Later, Bill Christman took us on a drive around their neighborhood, saying in an unassuming voice that he'd show us his "studio," as if it weren't anything big. It ended up being one of the most astounding places I've ever seen: a huge BYOB called Joe's Cafe with attached stage for Bluegrass and Jazz bands and a massive yard outside littered with crazy found art and landscaped waterfalls, chairs and tables everywhere, and quiet places to sneak away with someone pretty and make out. "I've been doing this for four years," Bill said, "Every Thursday, about 450 people come through and have a good time." We marveled at it all, empty on a Sunday afternoon, and I thought to myself that the whole world should look like this, a place so dynamic and open, that this is how our lives should be. I looked at Bill, and thought about what it must be like to be him, to know you have created such a place, and to know that it is good, and that whatever else happens, at least you'll always have this. "I think this place of yours is really remarkable," I told him, and he thanked me like he almost forgot it was even the case. The next time we come through St. Louis, it'll have to be on a Thursday, we told him, and when it is, we'll have to swing on through.

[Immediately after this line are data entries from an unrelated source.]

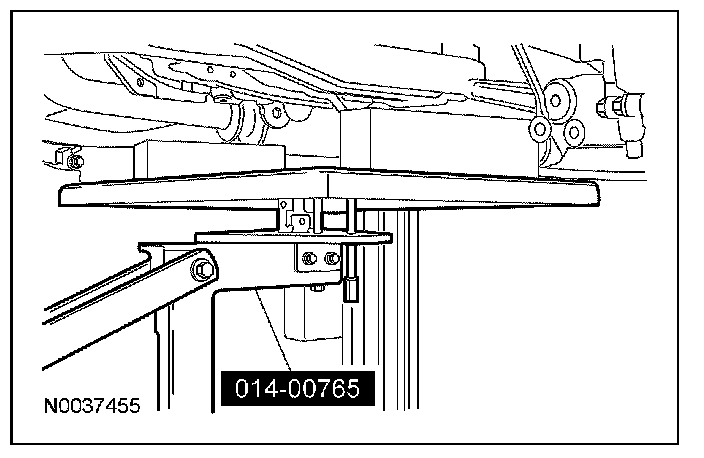 1. With a wax pencil, mark the relationship of the front subframe to the underbody at the mounting locations.
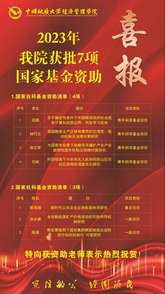 (通讯员 胡松琴)2023年8月份以来,随着国家自科基金各类项目立项结果陆续公示、国家社科基金年度项目和青年项目立项名单陆续公示,工口漫画 共有7个项目获得资助,其中国家自科基金获批青年科学基金项目4项,国家社科基金获批重点项目1项、一般项目2项。具体名单如下:
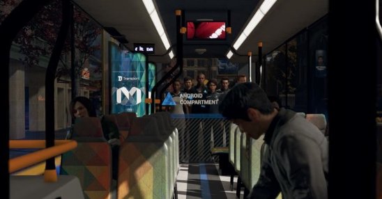 4、公交车上,为了防止人类与仿生人产生冲突,特地用隔离网将双方分开。
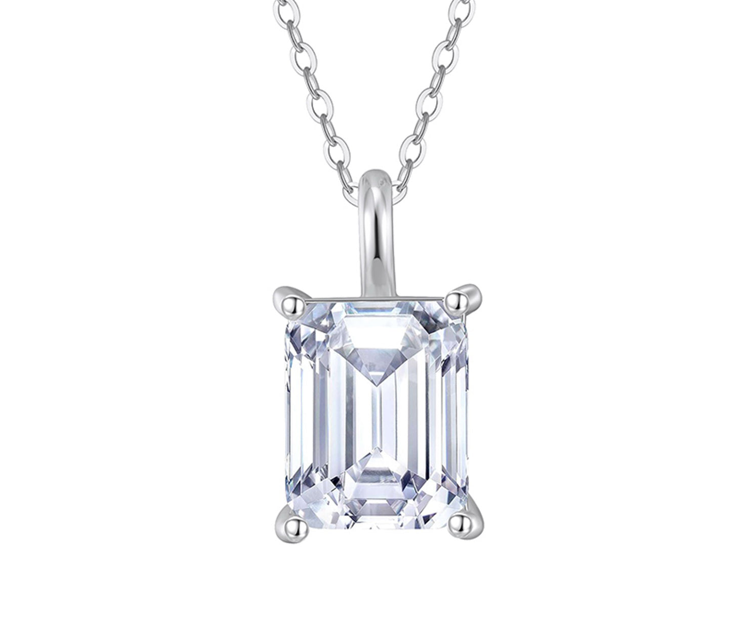 Sterling Silver Moissanite Necklace Emerald Cut 3.00CT MON09-P-7x9

Now, we are packing our things and gearing up for another day on the river. With June nearing its end, the first half of our trip is done and the second is about to begin. Thank you to everyone who has followed us this far, and I hope you'll stick with us until the end. More than that, I hope that if you have found in our journey something inspiring or even remotely remarkable, you will, as Susie Orr put it, pay it forward. The world needs excited people. This country needs excited people. Please don't be scared to join in the fun.
Best wishes and enjoy the pictures.
Love,
TMP
4 comments:
Hi Gabe, D,Kevin and Ryan,
I have enjoyed reading about your adventure, thinking of you on the river while we celebrated the Summer Solstice at the Stone Arch Bridge last week. Kayaks dancing in the river. I am longing to hear more about your experience on the river, the other river rats you run into, the details of the river. but it is your trip. Enjoy the ebb, flow and unexpected eddys. Take good care, AS's mum
This is on the overall blog that I read today-
Great pictures . .
You guys are crazy . .
And I gotta say . . Jeebus Gabe you have entirely too much talent in the writing department. It almost makes me jealous, really.

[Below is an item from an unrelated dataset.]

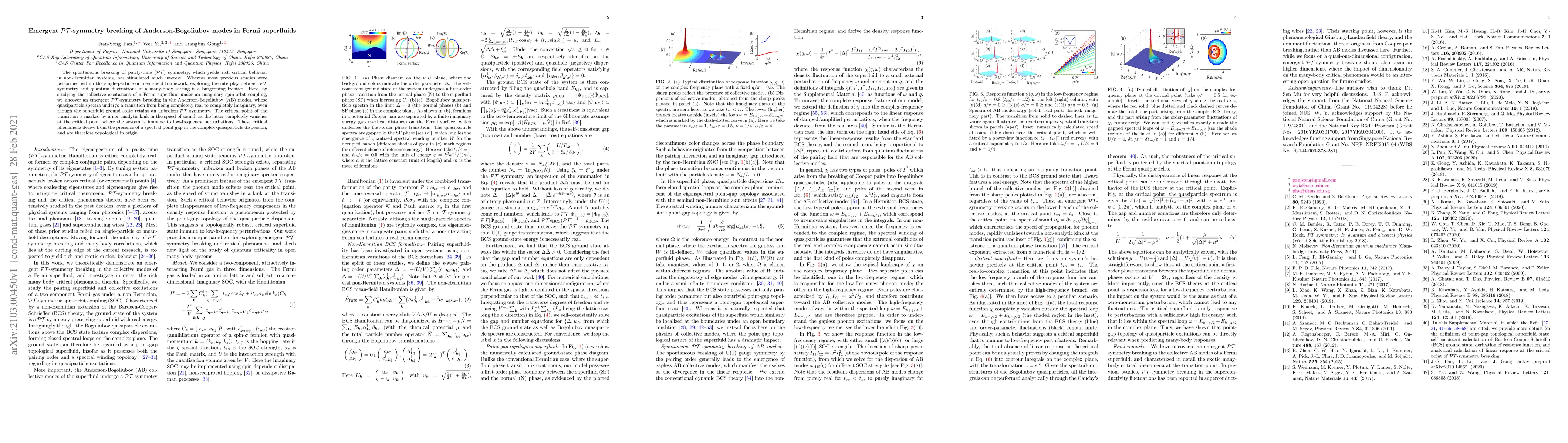 The spontaneous breaking of parity-time ($\mathcal{PT}$) symmetry, which yields rich critical behavior in non-Hermitian systems, has stimulated much interest. Whereas most previous studies were performed within the single-particle or mean-field framework, exploring the interplay between $\mathcal{PT}$ symmetry and quantum fluctuations in a many-body setting is a burgeoning frontier. Here, by studying the collective excitations of a Fermi superfluid under an imaginary spin-orbit coupling, we uncover an emergent $\mathcal{PT}$-symmetry breaking in the Anderson-Bogoliubov (AB) modes, whose quasiparticle spectra undergo a transition from being completely real to completely imaginary, even though the superfluid ground state retains an unbroken $\mathcal{PT}$ symmetry. The critical point of the transition is marked by a non-analytic kink in the speed of sound, as the latter completely vanishes at the critical point where the system is immune to low-frequency perturbations.These critical phenomena derive from the presence of a spectral point gap in the complex quasiparticle dispersion, and are therefore topological in origin.

I know I've said this so many times but . . I'm just shell shocked from the whole thing, really. I absolutely adore it,
Your adventure sounds rough, (sorry about your guitar. . I'd probably cry if someone stole my piano, although that wouldn't happen on the trip. . Much too big to bring with me), but your adventure sounds inspirational. . . And one of those trips that you will never forget.
=]
I never questioned your motives gabe, you have to do what you have to do... road, river, and/or doojhooplex; the show must go on!
Ill be mourning about your guitar for a while... but dont worry man, try to imagine either a bum making his living with that thing or someone feeling hella happy with their new guitar... universal conservation of happiness, you took the down side this time... but oh boy haven´t you had the up side quite a few times!
"the rest of us checked our email in the Presidential Library (never actually seeing anything in the library besides our Gmail accounts and Facebook profiles; oh, the sad truths of our generation)"
Brilliant!
Good talkin' the other day, Gabe. Hope I made some sort of sense ... oh dear. I am not a role model.